──────── Provided entries ────────
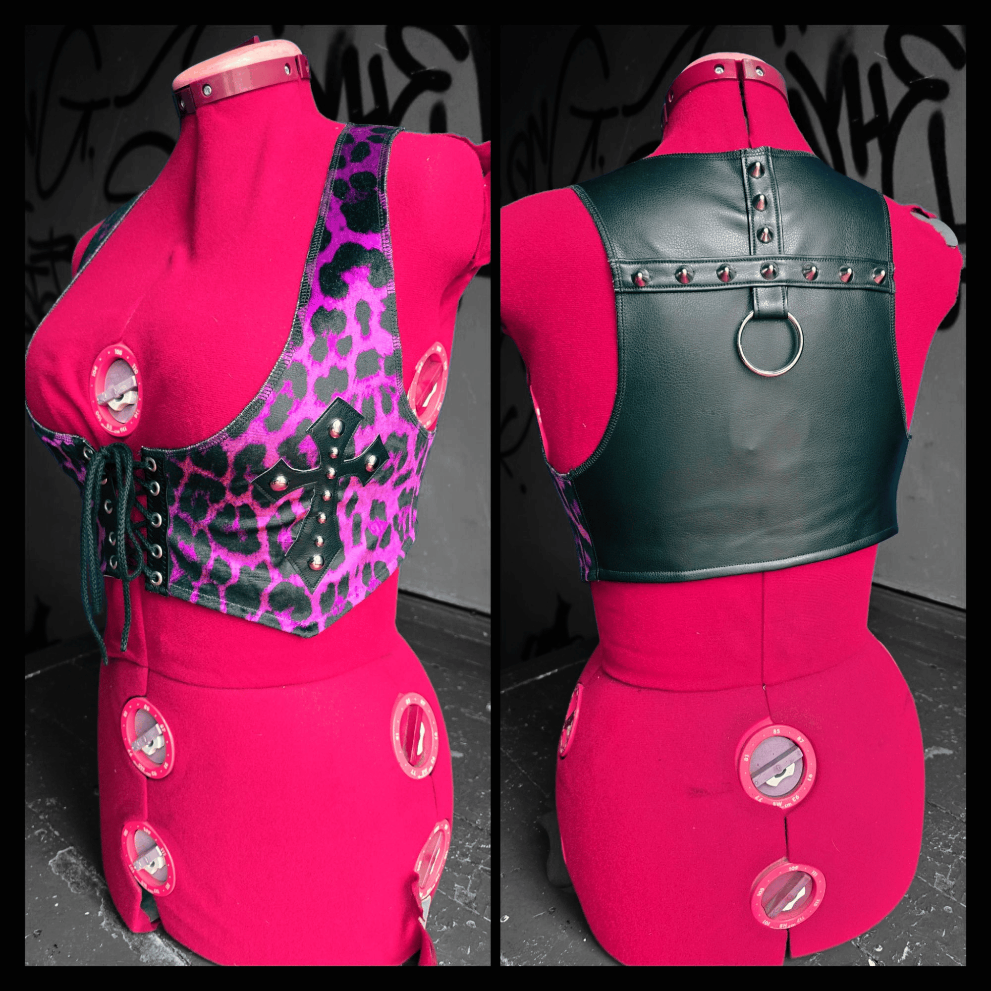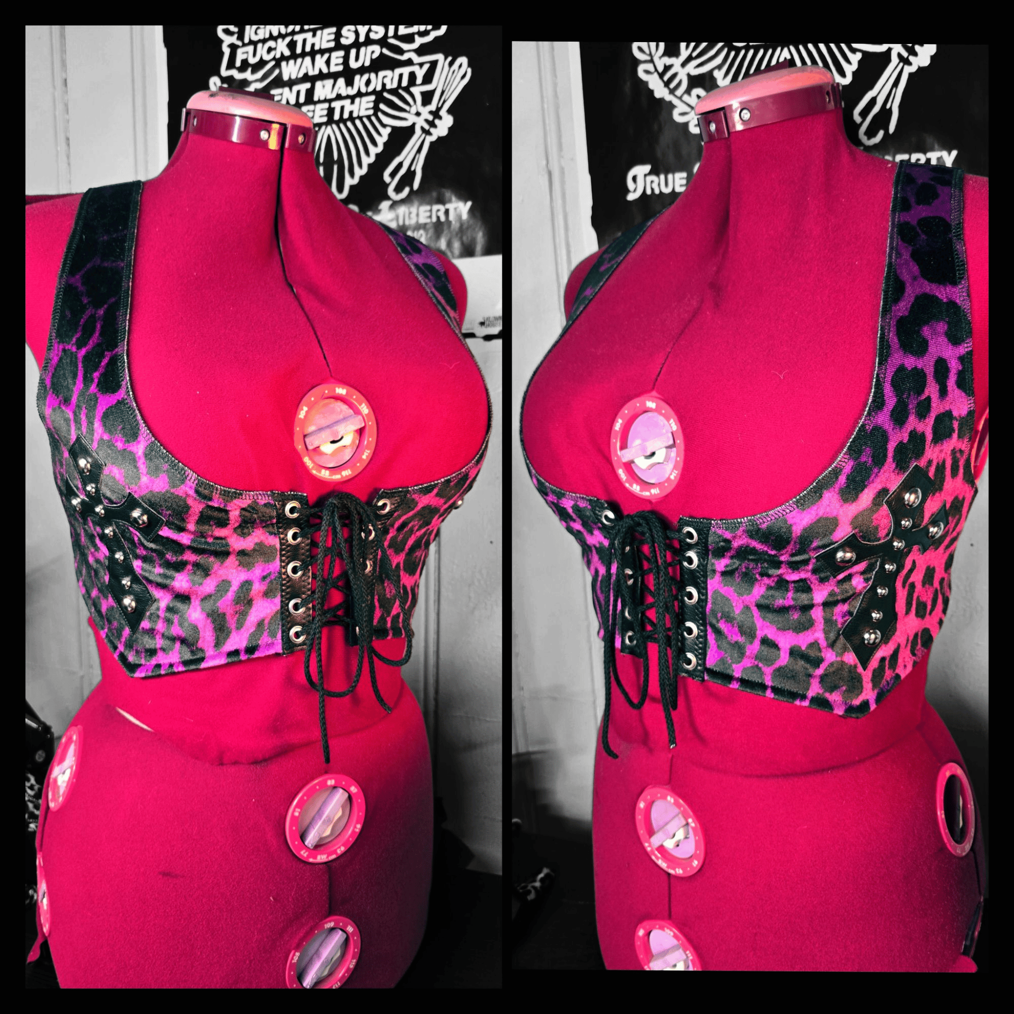 A underbust vest made of black high quality fauxleather and purple velvet leopard, with studded crosses, studs and a heavy metal ring on the back, and a laced up front.
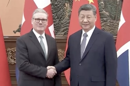 Hôm 5/1, ông Lee Jae-myung bất ngờ rút ra chiếc điện thoại Xiaomi và mời vợ chồng ông Tập Cận Bình cùng chụp ảnh selfie, nhằm thể hiện sự thân mật.
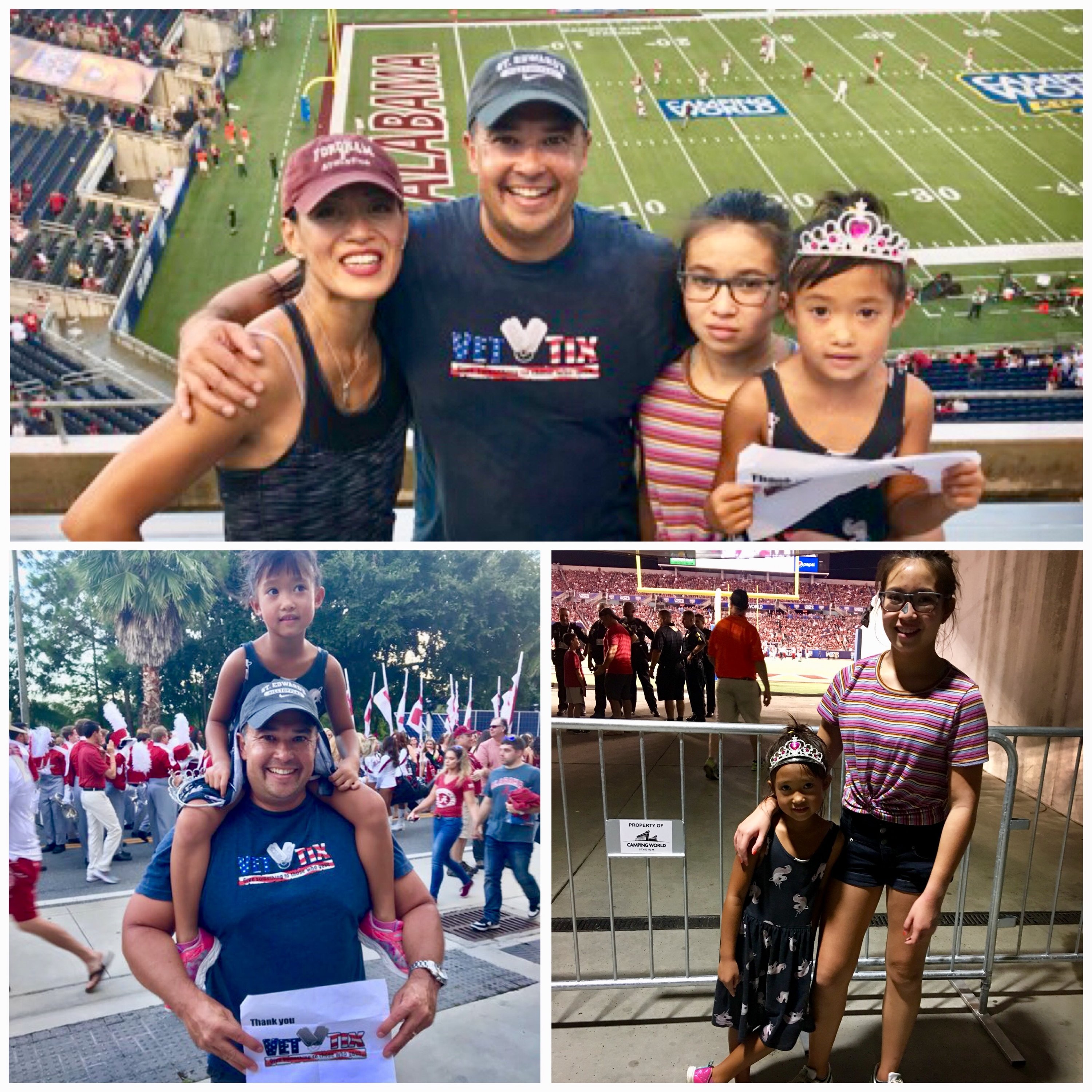 We would like to pass on our gratitude to Florida Citrus Sports for donating to Vet Tix. Their donation allowed our family to experience its first college football game and fulfill a lifelong dream of seeing Alabama play live. The Long Family
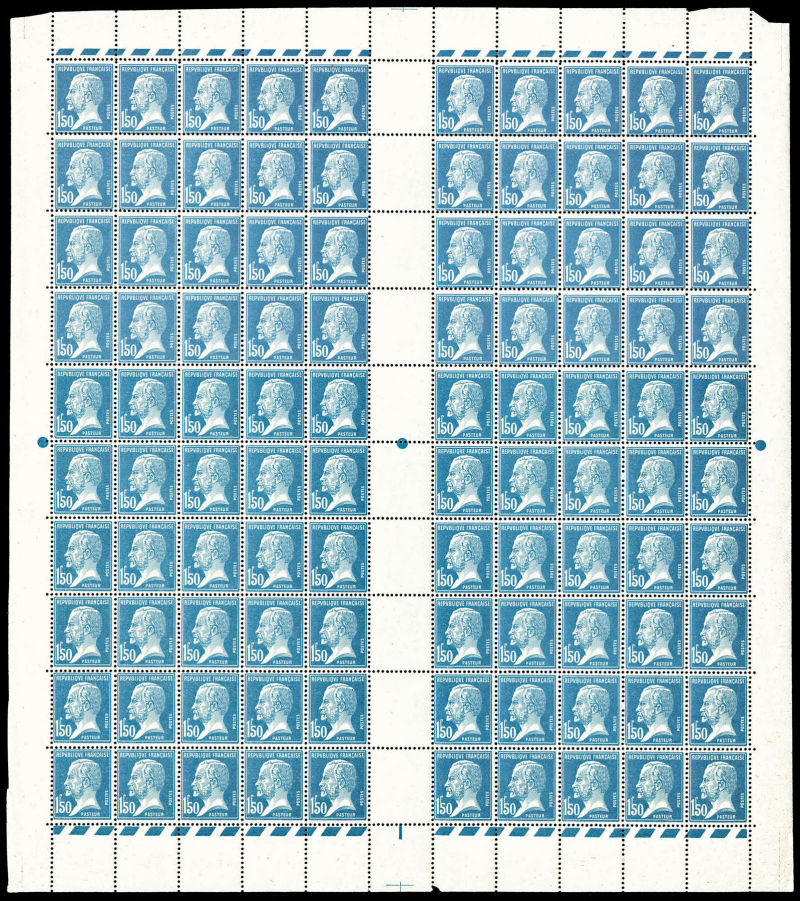 1733 imageN°181a, Pasteur, 1F50 bleu: faux de Marseille en feuille complète de 100 exemplaires, RARE (certificat) Qualité: ** Cote: 5000 euros (Image)
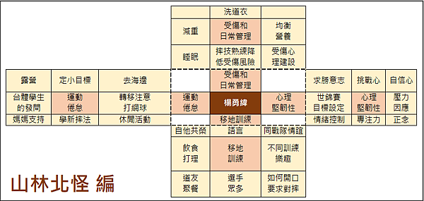 楊勇緯為大家所知的是他使用九宮格法管理運動生涯,小編今日也嘗試用九宮格整理參訪內容,棒棒吧!
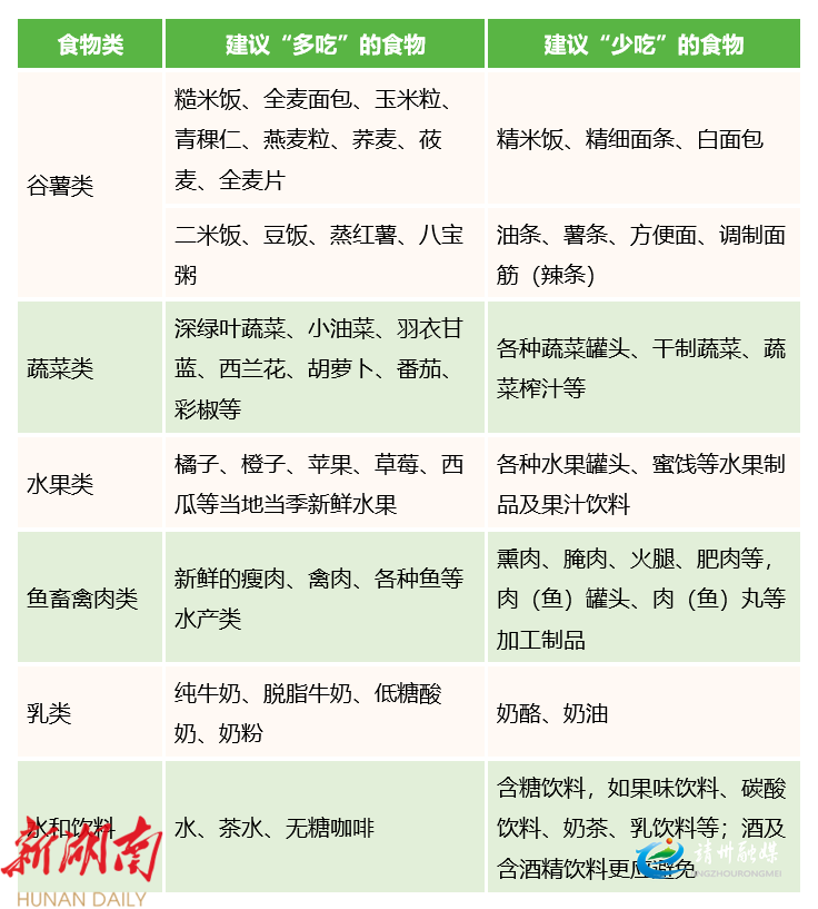 表4 建议“多吃”和“少吃”的食物举例
────────
#### [About this exercise]
Leave out the pictures, and retype exactly the lines from the one containing "楊勇緯為大家所知的是他使用九" through the final line of the data.

#### [Solution]
 楊勇緯為大家所知的是他使用九宮格法管理運動生涯,小編今日也嘗試用九宮格整理參訪內容,棒棒吧!
 表4 建议“多吃”和“少吃”的食物举例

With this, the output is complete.